The Revolutionary Communist Group – for an anti-imperialist movement in Britain

SNP in Scotland: no place for the poor

A homeless man in Glasgow

In July the homelessness charity Shelter took to the streets to picket the Scottish National Party (SNP)-controlled Glasgow city council, accusing it of breaking homelessness laws over 3,000 times last year by turning away homeless applicants who are legally entitled to temporary accommodation and support. At the same time Glasgow’s SNP council has been working in partnership with Police Scotland, businesses, property groups and social enterprises, to socially cleanse the city centre and its surrounding areas of beggars and homeless hostels. The council has threatened to use Criminal Anti-Social Behaviour Orders to ban any beggar caught drinking alcohol or taking drugs from Glasgow city centre. Clyde Place, which provides emergency homeless accommodation for up to 54 people a night, is being closed in order to make way for the new multimillion pound site called ‘Buchanan Wharf’, which will house Barclays Bank headquarters and other services. This process of pushing out the poor while welcoming in the rich, placing private interests before public interests, must be opposed as part of a wider fight for decent housing for all in Scotland.

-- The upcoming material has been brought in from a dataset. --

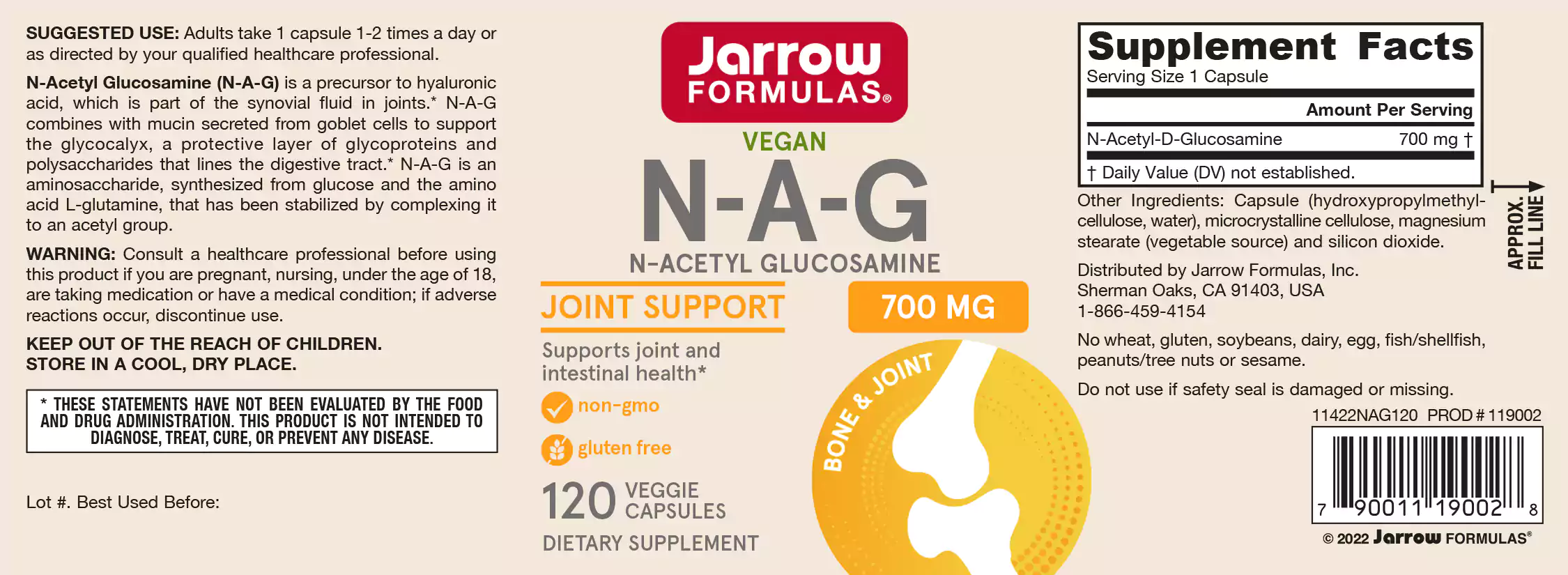 Jarrow Formulas N-Acetyl Glucosamine is een aminosuiker, die is samengesteld uit glucose en het aminozuur L-glutamine, dat gestabiliseerd is door het aan een acetyl-groep te verbinden.

The homelessness on our streets is the tip of the iceberg when it comes to the overall crisis of housing in Scotland. For the first time in nine years the number of homelessness applications has risen with 35,000 applications made in 2017-18. At least 2,000 families are in temporary accommodation in Glasgow and across Scotland almost 150,000 households are currently on housing waiting lists.

Nothing has been done to adequately address and redress the wounds left by decades of housing privatisation. There are currently over 34,000 long term privately-owned empty homes in Scotland and the largest kind of housing tenure remains owner occupation, with 61% of households in Scotland owner-occupied; 23% of households live in social rented homes owned by housing associations or local authorities and 15% of households now live in private rented homes, a figure which has doubled in the last ten years.

The Scottish SNP government pledge to build 50,000 new affordable homes by 2021, half of which are to be for social housing, will not meet the need of the working class for truly affordable, safe and secure housing. For example 93% of tenancy terminations (evictions and abandonments) in local authority social housing across Scotland between 2016-17 was due to rent arrears. Neither will the community land ownership schemes which made up only 2.9% of Scotland’s total land area in June 2017, with 93.7% of this concentrated in just two local authorities in the Highlands and Outer Hebrides. Even if the Scottish SNP government target, for one million acres of community-owned land by the end of 2020, is met this will still only represent a small fraction of the land, which will not impact on the overwhelming majority of Scotland’s population, around 80% of whom live in urban areas. The reality is that land which could be used for providing decent housing for the working class remains in the hands of the few (see FRFI 253 ‘Scotland: Who owns the land?’). Almost 90% of land in Scotland is privately owned and 432 families currently own half of it. Records show that Scotland’s private landownership system has remained virtually unchanged since 1872 with trends in private landownership becoming even more concentrated. The largest landowners include Richard Scott, the Duke of Buccleuch and Queensbury, who owns 240,000 acres of land, and the Danish billionaire retail magnate Anders Holch Povlsen with 218,000 acres.

Those who do challenge the private landowners will face their wrath. Green MSP and land campaigner Andy Wightman is being pursued through the courts for publishing two blog posts in 2015 and 2016 about the activities of a company which sells plots of land in Scotland. Wildcat Haven Enterprises CIC has brought a £750,000 defamation claim against Wightman which is set to go to trial on 15 October. If found guilty Wightman faces bankruptcy which would entail the loss of his parliamentary seat in Holyrood, according to Parliamentary rules. This is the true nature of bourgeois democracy, where the right to speak and protest are always conditional.

Above the rows of rough sleepers and beggars in Glasgow city centre stand new fancy hotels and student flats. Elsewhere offices, apartments and restaurants are developed to cater for the needs of big business. This ‘vision of the Glasgow of the future’ is one of the rich and for the rich. There will be no space or place for those left with nothing. John Shields, a wheelchair user who has been homeless for eleven years and begging for five years, told Glasgow RCG supporters; ‘I once saw a woman, who had been battered by her boyfriend, turned away from a hostel. They only gave her a sleeping bag…I thought they [the SNP] would have done something about housing but now they’re talking about fining beggars…they want all the beggars off the streets…SNP, Labour, Tory, they’re all the same’. 

Every day the need for resistance becomes more visible on our streets and in our communities. The fight for housing is a fight for land and the fight for land is a fight for socialism. This will require organisation and direct confrontation with capitalist parties such as the SNP and Labour who serve and defend ruling class interests at the expense of the working class.